Iraq attack kills US troops

A roadside bomb in the northern Iraqi city of Mosul has left at least two American soldiers dead and two others wounded.

    US soldiers question an Iraqi civilian at a checkpoint in Iraq

    The explosion, the latest to target occupation forces, was detonated as a convoy of US vehicles drove past.

    A traffic policeman and another witness said the Americans were travelling in civilian clothes in two unmarked vehicles, which were both damaged by two simultaneous blasts at a main square in the city centre.

    Iraqi police sealed off the area following the explosions, said
    Assad Mohammed Hussein, 55.

    "Two 101st Airborne Division (Air Assault) soldiers were killed
    and two were wounded in an improvised explosive device attack," the division said in a statement.

    The attack occurred at about 07:30 (04:30 GMT) in Mosul, which lies 370km north of Baghdad.

    Early on Saturday, witnesses also reported an oil pipeline ablaze 15km north of Saddam Hussein's hometown of Tikrit.

    Sabotage to pipelines and the decayed state of the infrastructure have hampered attempts to rehabilitate the shattered oil industry.

    Day of resistance 

    Many people stayed off the streets, schools were closed, and traffic remained lighter than usual as rumours circulated of a "day of resistance".

    It was unclear where the rumours originated but US authorities had asked their citizens to take extra precautions for today's six-month anniversary of President Bush's announcement that major combat had ended.

    "'s paralysis proves that the Americans are so far failing to protect and rebuild Iraq." 

    Abu Omar, businessman

    Many Baghdadis blamed the slowdown on leaflets they had heard about but not seen or alleged messages given by Saddam Hussein.

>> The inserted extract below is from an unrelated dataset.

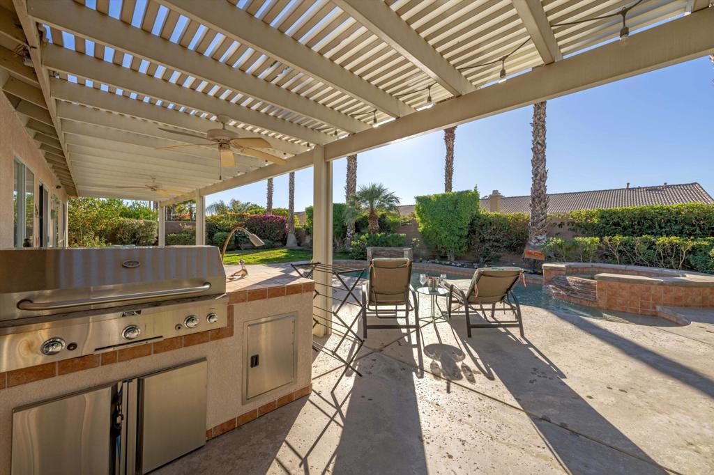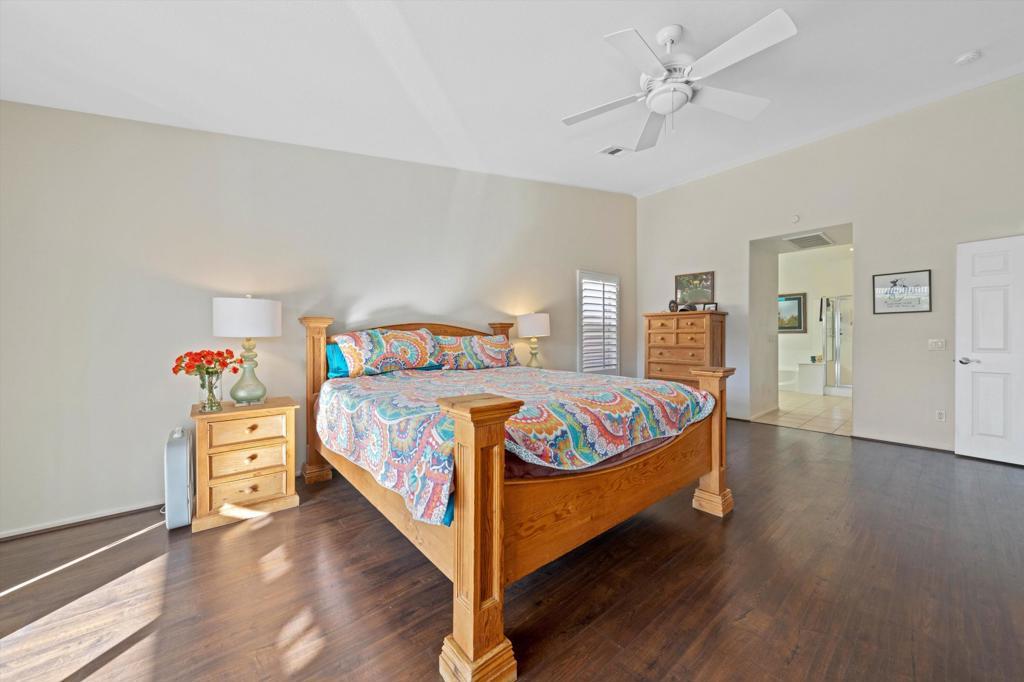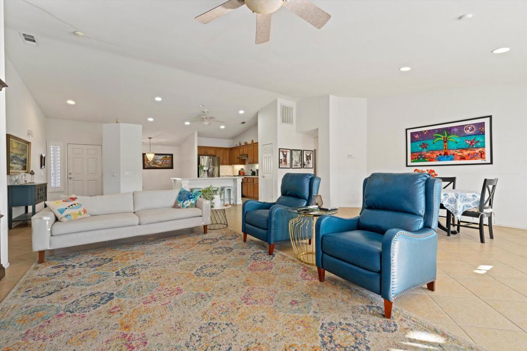 Situated behind the gates of Las Brisas North, this well-appointed four-bedroom, three-bath residence offers a highly sought-after floor plan designed for both comfort and flexibility. The main residence features three bedrooms and two baths, complemented by a private one-bedroom, one-bath guest house with a separate entrance--ideal for extended family, visitors, or a home office. The property includes a three-car garage with RV parking access and enjoys prime southern exposure. Dual HVAC systems were replaced approximately four and a half years ago, while the pool heater and filter have been updated within the last two years. Additional features include window shutters throughout and a spacious great room layout anchored by a modern kitchen with stainless steel appliances and tasteful finishes. The primary suite is thoughtfully positioned on its own wing of the home, offering privacy and separation. The backyard is designed for entertaining, highlighted by a Pebble Tec pool and spa with a waterfall feature. Conveniently located less than ten minutes from major shopping, dining, and retail destinations. Select guest bedroom and casita images reflect virtual staging options.

    "People are very tense, very jumpy, especially since the attacks are killing civilians and military, Iraqis, Americans and foreigners alike. Bomb scares are even reported in schools and mosques," said businessman Omar Ahmad.

    "Saddam Hussein or others may want to hurt Iraq with bombings and rumours, but today's paralysis proves that the Americans are so far failing to protect and rebuild Iraq."


    Overnight attacks

    Overnight, four Iraqi policemen were wounded in two attacks against patrols, AFP reported police as saying. 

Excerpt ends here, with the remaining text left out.